Die stärksten Passagen in Heyes Buch sind jene, die sich mit den 1950er und 1960er Jahren in der Bundesrepublik und in der DDR befassen. Sie veranschaulichen, wie viele Nazi-Eliten im Westen des Landes überlebten, Karriere machten und eine Stimmung erzeugten, die es so schwer machte, den Zivilisationsbruch von 1933 aufzuarbeiten. Im Osten Deutschlands sahen, so Heye, sowjetische und deutsche Behörden ihre dringlichste Aufgabe darin, möglichst rasch Neulehrer, Volksrichter und Verwaltungsfunktionäre auszubilden, die die vakanten Stellen der geflohenen, entlassenen und verurteilten Nazis einnehmen sollten. Hilde Benjamin notierte: »Nun begann das, wofür wir die vergangenen zwölf Jahre gekämpft, worauf wir uns die letzten Monate vorbereitet hatten.«
Erst 1960 konnte nach einem Hinweis des hessischen Generalstaatsanwaltes Fritz Bauer der ehemalige SS-Obersturmbannführer Adolf Eichmann in Argentinien von einem israelischen Kommando aufgespürt und entführt werden. Der Staat Israel leitete »ein Strafverfahren gegen den Mann ein, der die Transporte für die Menschen mit dem gelben Judenstern organisierte, ohne die es keine ›Endlösung der Judenfrage‹ hätte geben können«, schreibt Heye und fährt fort: »Ohne Fritz Bauer hingegen hätte es diesen Prozess nicht gegeben.« Ebenfalls im Jahr 1960, ein Jahr vor dem Bau der Mauer, wird Georg (Grischa) Benjamin, der Sohn von Michael und Enkel von Hilde Benjamin, geboren: »Georgs Vater wird 40 Jahre später, als es die DDR schon längst nicht mehr gab, mit seiner Sicht auf das Monstrum aus Beton und Stacheldraht eine öffentliche Kontroverse auslösen. Dabei hatte es durchaus Plausibilität, dass es eine durch die ›Umstände erzwungene‹ Maßnahme gewesen sei.« Auch hier zeigt sich als eine Stärke des Autors Einfühlungsvermögen in die Zeit und deren Akteure. Der 1932 geborene Michael Benjamin, der wie seine Mutter Jura studiert hatte, war Mitbegründer der Kommunistischen Plattform der PDS und starb mit noch nicht einmal 68 Jahren im Jahr 2000.

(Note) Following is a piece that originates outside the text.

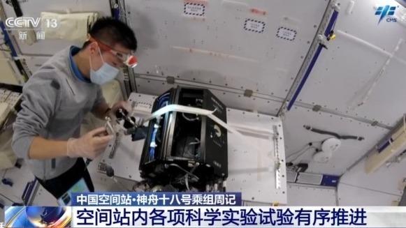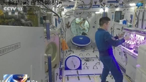 国家太空实验室内,空间材料科学、微重力流体物理与燃烧科学等领域实验持续开展,乘组按计划进行了燃烧柜气体实验插件燃烧器更换、流体物理实验柜实验样品更换。

»Walter Benjamin hätte vermutlich Distanz zu beiden deutschen Staaten gehalten«, vermutet Heye. Er ist skeptisch hinsichtlich der von Hilde Benjamin geäußerten Überzeugung, ihr Schwager hätte den Weg in die SED gefunden. Gewiss ist, dass alle Benjamins Schwierigkeiten mit dem sich im wiedervereinigten Deutschland neu ausbreitenden Rechtsradikalismus und dessen Unterschätzung und Verharmlosung gehabt hätten. Zum Schluss des Buches setzt sich Heye mit dem »Phänomen« NSU auseinander. Er endet mit der Bemerkung, die deutsche Familie Benjamin stehe »gegen das Verdrängen und eine Rhetorik, die sich erneut national aufbläht«.
Uwe-Karsten Heye: Die Benjamins. Eine deutsche Familie. Aufbau Verlag, Berlin 2014. 361 S., geb., 22,99 €.
Der Autor stellt sein Buch heute, 18 Uhr, in der Friedrich-Ebert-Stiftung, Hiroshimastr. 17, 10785 Berlin, vor.